RECORDS TO PROCESS Start Marker

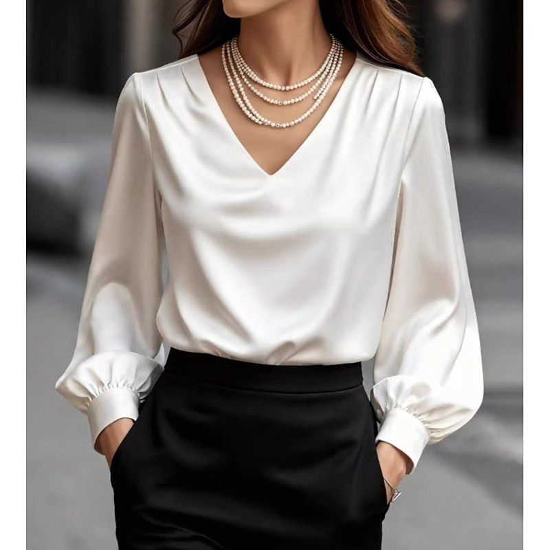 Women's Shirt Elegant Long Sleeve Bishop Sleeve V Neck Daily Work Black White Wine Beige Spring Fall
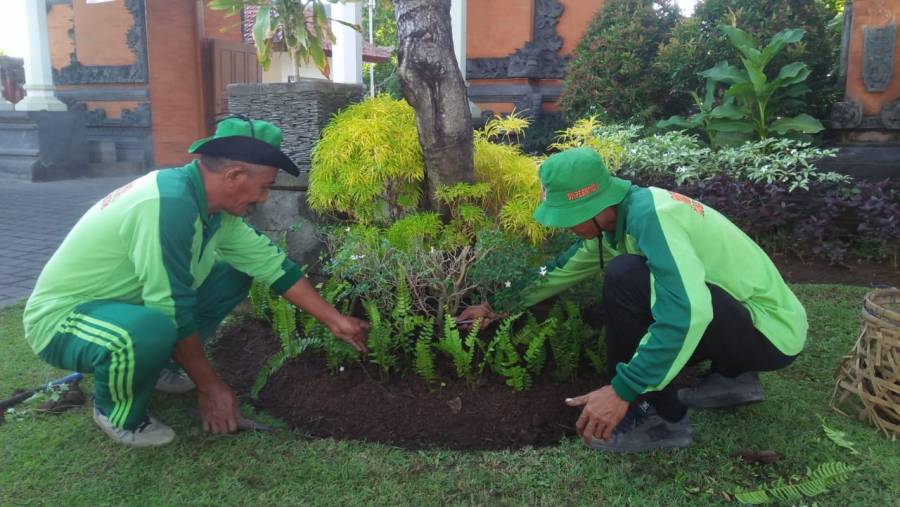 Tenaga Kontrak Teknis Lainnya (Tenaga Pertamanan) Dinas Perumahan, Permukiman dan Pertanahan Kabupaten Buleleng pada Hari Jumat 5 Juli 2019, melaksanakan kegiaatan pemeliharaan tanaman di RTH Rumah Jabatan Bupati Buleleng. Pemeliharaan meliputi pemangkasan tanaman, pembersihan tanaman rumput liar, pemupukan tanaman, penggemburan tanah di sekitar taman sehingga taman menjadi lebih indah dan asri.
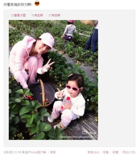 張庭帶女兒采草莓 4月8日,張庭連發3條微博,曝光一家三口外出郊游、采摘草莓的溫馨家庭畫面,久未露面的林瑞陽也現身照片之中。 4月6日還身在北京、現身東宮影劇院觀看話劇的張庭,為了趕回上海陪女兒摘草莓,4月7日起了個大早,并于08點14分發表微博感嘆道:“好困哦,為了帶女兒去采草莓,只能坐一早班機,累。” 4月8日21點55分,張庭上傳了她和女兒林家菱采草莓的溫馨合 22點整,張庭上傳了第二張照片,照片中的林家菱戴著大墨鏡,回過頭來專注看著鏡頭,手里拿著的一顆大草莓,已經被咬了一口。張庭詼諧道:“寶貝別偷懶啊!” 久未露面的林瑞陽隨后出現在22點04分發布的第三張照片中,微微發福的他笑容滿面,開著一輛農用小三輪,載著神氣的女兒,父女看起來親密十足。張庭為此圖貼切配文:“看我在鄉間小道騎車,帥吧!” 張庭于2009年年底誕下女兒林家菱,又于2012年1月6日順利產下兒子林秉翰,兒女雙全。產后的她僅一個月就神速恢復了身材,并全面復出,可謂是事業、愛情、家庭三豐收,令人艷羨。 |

RECORDS TO PROCESS End Marker
RECORDS TO PROCESS Start Marker

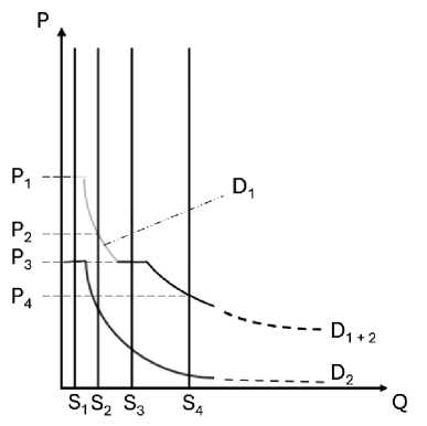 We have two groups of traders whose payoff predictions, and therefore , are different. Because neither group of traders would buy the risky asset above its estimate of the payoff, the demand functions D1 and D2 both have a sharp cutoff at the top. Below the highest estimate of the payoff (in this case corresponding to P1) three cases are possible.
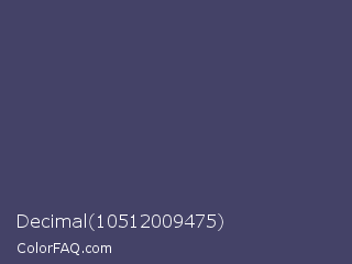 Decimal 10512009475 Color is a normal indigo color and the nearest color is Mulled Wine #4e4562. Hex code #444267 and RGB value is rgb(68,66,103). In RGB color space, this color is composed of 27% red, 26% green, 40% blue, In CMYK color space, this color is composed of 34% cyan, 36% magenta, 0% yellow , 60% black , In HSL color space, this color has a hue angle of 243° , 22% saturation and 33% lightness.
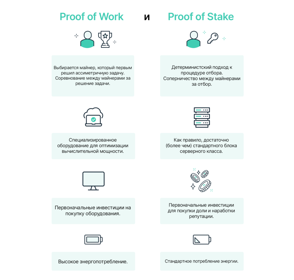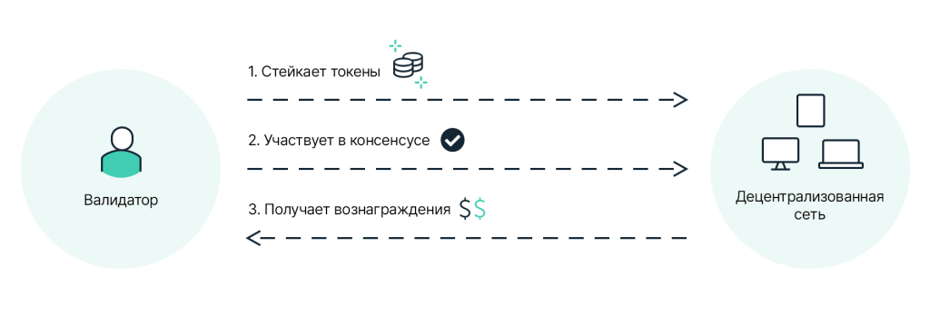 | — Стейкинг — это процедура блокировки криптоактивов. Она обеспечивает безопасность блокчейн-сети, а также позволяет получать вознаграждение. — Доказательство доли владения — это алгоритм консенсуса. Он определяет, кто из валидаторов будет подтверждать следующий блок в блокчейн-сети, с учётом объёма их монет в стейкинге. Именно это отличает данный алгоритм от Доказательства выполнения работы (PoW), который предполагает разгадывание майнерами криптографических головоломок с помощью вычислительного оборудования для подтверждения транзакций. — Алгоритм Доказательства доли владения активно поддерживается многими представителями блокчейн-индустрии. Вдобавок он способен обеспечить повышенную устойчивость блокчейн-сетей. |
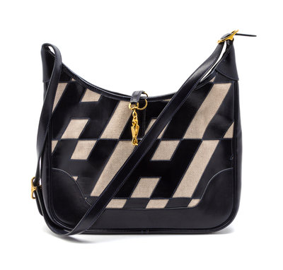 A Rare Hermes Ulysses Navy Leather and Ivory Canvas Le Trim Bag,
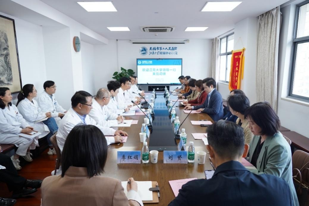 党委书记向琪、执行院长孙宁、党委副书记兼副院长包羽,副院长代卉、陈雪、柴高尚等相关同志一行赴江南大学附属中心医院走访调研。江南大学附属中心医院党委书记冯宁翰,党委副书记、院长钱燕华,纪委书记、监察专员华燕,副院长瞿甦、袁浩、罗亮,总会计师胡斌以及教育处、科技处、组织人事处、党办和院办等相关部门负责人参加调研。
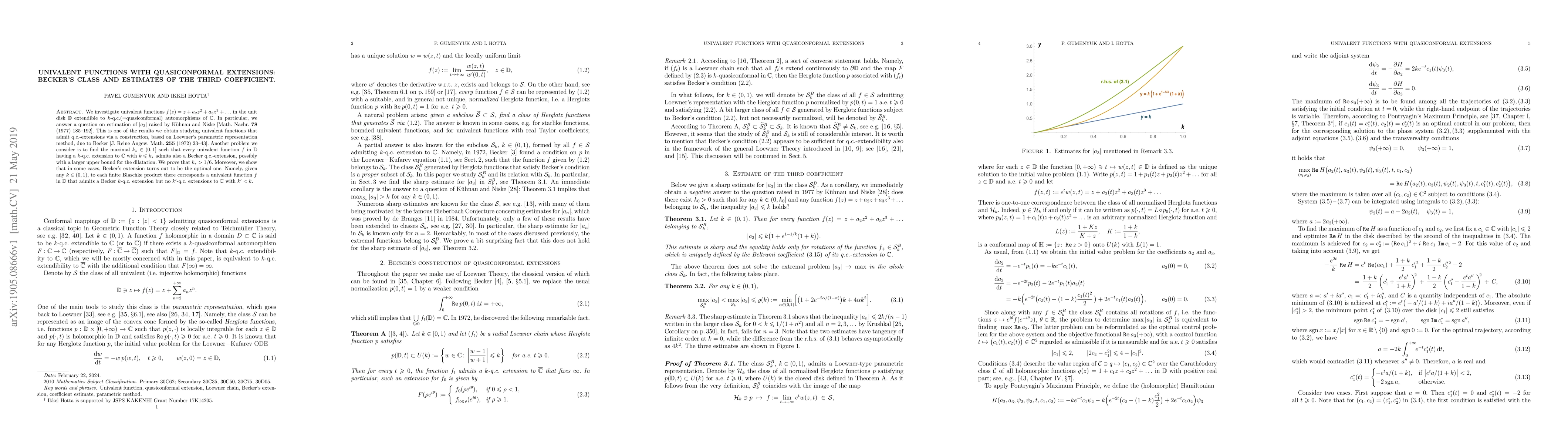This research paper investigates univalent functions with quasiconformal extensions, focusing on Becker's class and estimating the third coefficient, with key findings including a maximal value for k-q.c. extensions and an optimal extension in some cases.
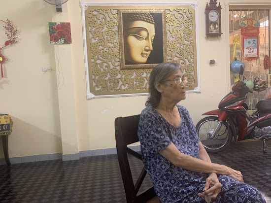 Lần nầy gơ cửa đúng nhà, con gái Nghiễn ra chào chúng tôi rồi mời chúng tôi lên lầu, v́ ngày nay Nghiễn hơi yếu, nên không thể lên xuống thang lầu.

RECORDS TO PROCESS End Marker

__INSTRUCTIONS TO FOLLOW__.
Look above for the line containing "A Rare Hermes" and the line containing "Lần nầy gơ cửa", then reproduce both and everything between them exactly, pictures omitted.

__SOLUTION FOR THIS TASK__.
 A Rare Hermes Ulysses Navy Leather and Ivory Canvas Le Trim Bag,
 党委书记向琪、执行院长孙宁、党委副书记兼副院长包羽,副院长代卉、陈雪、柴高尚等相关同志一行赴江南大学附属中心医院走访调研。江南大学附属中心医院党委书记冯宁翰,党委副书记、院长钱燕华,纪委书记、监察专员华燕,副院长瞿甦、袁浩、罗亮,总会计师胡斌以及教育处、科技处、组织人事处、党办和院办等相关部门负责人参加调研。
This research paper investigates univalent functions with quasiconformal extensions, focusing on Becker's class and estimating the third coefficient, with key findings including a maximal value for k-q.c. extensions and an optimal extension in some cases.
 Lần nầy gơ cửa đúng nhà, con gái Nghiễn ra chào chúng tôi rồi mời chúng tôi lên lầu, v́ ngày nay Nghiễn hơi yếu, nên không thể lên xuống thang lầu.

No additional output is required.